Позади ложа Богини был небольшой черный проход, с еще одним факелом на стене. Старуха проскользнула туда легко, а Торвард шел осторожно, пригибаясь, чтобы не вмазаться лбом в камень и не озарить тьму подгорья искрами из глаз. Впереди горел еще факел, и он шел на свет, для верности ведя рукой по неровной каменной стене. Вся обычная земная жизнь уже осталась далеко позади, отгороженная непроницаемой стеной темноты, и душа, забыв повседневное, готовилась к новой встрече с божеством. Ему вспоминались собственные воинские испытания, когда подростка тринадцати лет с завязанными глазами завозят в дремучий лес и оставляют там, вооруженного одним ножом, а через трое суток, но не раньше, ждут дома, причем с головой собственноручно добытого крупного зверя. Клыки того кабана, которого он тогда добыл, Торвард до сих пор носил пришитыми на пояс и сейчас невольно прикоснулся к ним, чтобы убедиться, что они на месте. Вспоминались рассказы хирдманов, бывших с его отцом, Торбрандом конунгом, в том странном путешествии под горами Медного Леса, откуда они вышли живыми вопреки всякому вероятию. Вспоминались скупые рассказы матери о ее жизни в пещере великана Свальнира, и Торвард еще раз подивился способностям этой женщины, которая родилась от рабыни, но стала королевой, потому что обладала невероятной внутренней силой. Вспоминалось его посвящение в конунги, прошедшее в прекрасном яблоневом саду на острове Туаль, – его встреча с фрией Эрхиной, которая сыграла такую важную и недобрую роль в его судьбе. Мелькнул образ той юной богини из снов – и теперь она протягивала к нему руки, призывая в объятия и обещая одарить всем блаженством любви, и глаза ее, прекрасные, как звезды, сияли нежностью и страстью…

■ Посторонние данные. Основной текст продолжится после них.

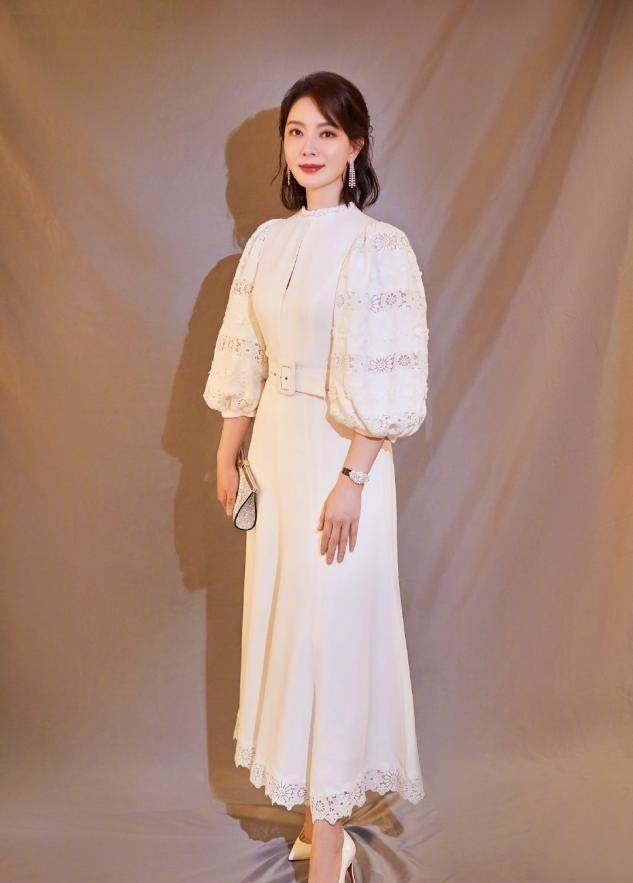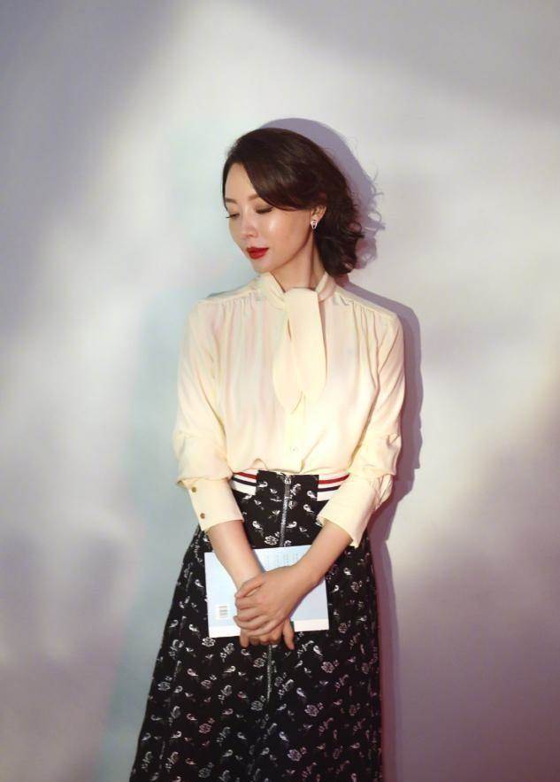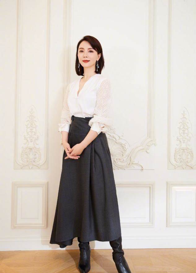 也可以學陳數這樣穿,淡雅的連衣裙配同色尖頭鞋,顏色一致,突出縱向的線條。但要注意,像黑色這類深沉、暗淡的顏色,一定要保證露膚,一方面選擇膝蓋附近的裙裝,露出細腿,另一方面選擇尖頭一腳蹬的鞋子,避免系帶等帶來阻斷感。

Образы и обрывки мыслей сменялись и накладывались друг на друга, порождая странные, неясные ощущения. Торварду казалось, что он, как бог, знает все и в то же время ничего. Ибо вселенная так велика и необъятна, что сам Один бесконечно познаёт ее в своем вечном духовном путешествии, и познанию этому нет конца…
Они вышли в еще одну пещеру, и здесь старуха остановилась.
– Садись. – Своей скрюченной рукой она указала на широкую скамью, покрытую шкурами.
Торвард сел, и старуха, ворча и охая, хватаясь за негнущуюся спину, опустилась рядом.
– Что тебе от меня нужно? – спросил Торвард.
– Я хочу, чтобы ты помог мне, – ответила она. Даже обращаясь к нему, старуха не поднимала глаз, и он почти не видел ее лица, только коричневый подбородок с двумя черными бородавками и седые космы, висящие из-под покрывала.
– Какая же беда с тобой приключилась? – размеренно, словно рассказывал сагу, спросил Торвард.
Будучи с детства приучен к обрядам, он сразу угадал, что обряд уже начался, и готов был выполнить все необходимое.
– Наложено на меня заклятье, что будут меня мучить болезни и угнетать старость, а земля острова Фидхенн останется мертвой и бесплодной, пока не придет сильный человек, который разрушит чары.
– Не знаю, хватит ли у меня сил, чтобы тебе помочь, но я готов попытаться, – Торвард уверенно повторял слова, которые еще в детстве слышал в сказаниях. – Что для этого нужно сделать?
– Для этого ты должен стать моим супругом и разделить со мной ложе этой ночью.
Торвард был ко многому готов, но не к этому. Поперхнувшись, он едва не рассмеялся. Он вообще-то предполагал, что его пошлют убивать какое-нибудь чудовище: скорее всего, ряженое, но можно и настоящее. Медведя или быка, например, такие обряды в разных местах есть.
– Ничего себе предложеньице! – вырвалось у него, хотя эти слова явно не годились для обряда. Не зря ему еще днем почудилось, что эта карга рассматривает его слишком уж женским взглядом.
– Я знаю, вид мой отвратителен для глаз, а голос неприятен для слуха, – продолжала старуха, пошевелившись на своем месте. – Но ведь не всегда я была такой! И мои щеки были румяны и гладки, как цветок шиповника среди камней летней порой, и мои волосы блистали, как золото, и красота моя служила украшением солнечного покоя. Мое имя было не Кальях, а звалась я Рианун, Королева Юности. И пока не снято мое заклятье, не будет на земле Фидхенн мира и изобилия. Я дам напиток, что поможет тебе одолеть отвращение.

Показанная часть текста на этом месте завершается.